The results clearly showed that bone marrow stem cells moved from the bone marrow to the kidney to participate in kidney healing. However, it did not end there. These same labeled, glowing bone marrow stem cells expressed the proteins normally found in resident renal stem cells. While these bone marrow stem cells only constituted a small proportion of the renal stem cell population, they were clearly a part of the Sca-1+ or c-Kit+ renal progenitor cell population. Secondly, treatment with G-CSF almost doubled the frequency of bone marrow-derived renal stem cells in the kidney. G-CSF treatment also increased the capillary density in the injured kidney, which is significant, because bone marrow stem cells are rich in a population of blood vessel-making stem cells. Furthermore, the new blood vessels all glowed in the dark, which shows that they were made by the bone marrow-derived stem cells that moved to the kidney are contributed to the resident renal stem cell population that participated in kidney repair.

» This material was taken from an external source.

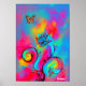 WHIMSICAL FLOWERS & BUTTERFLIES pink yellow blue Poster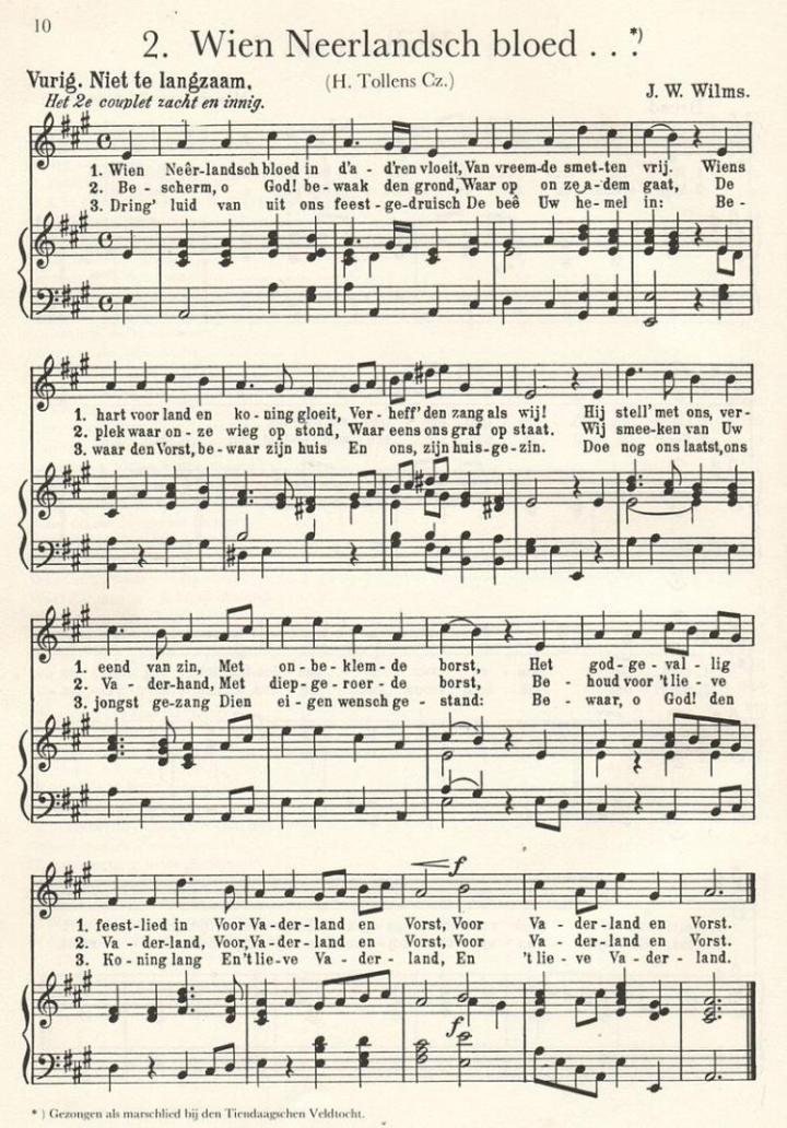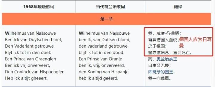 荷兰比赛只唱的第一节当歌词开头:“我,威廉-范(冯)-拿骚,身上流着日耳曼的血液。”表明了威廉以及他所在的尼德兰地区是神圣罗马帝国,身上的文化是日耳曼文化。也可以认为是日耳曼人和西班牙人划清界限。

Thus, these data in this study establish that stem cells from bone marrow can trans-differentiate into cells that share many of the properties of renal resident stem cells. Furthermore, mobilization of these stem cells with cytokines like G-CSF mobilization can enhance the healing effects of these cells and might provide the basis for a new therapeutic strategy for end-stage renal disease or chronic kidney disease.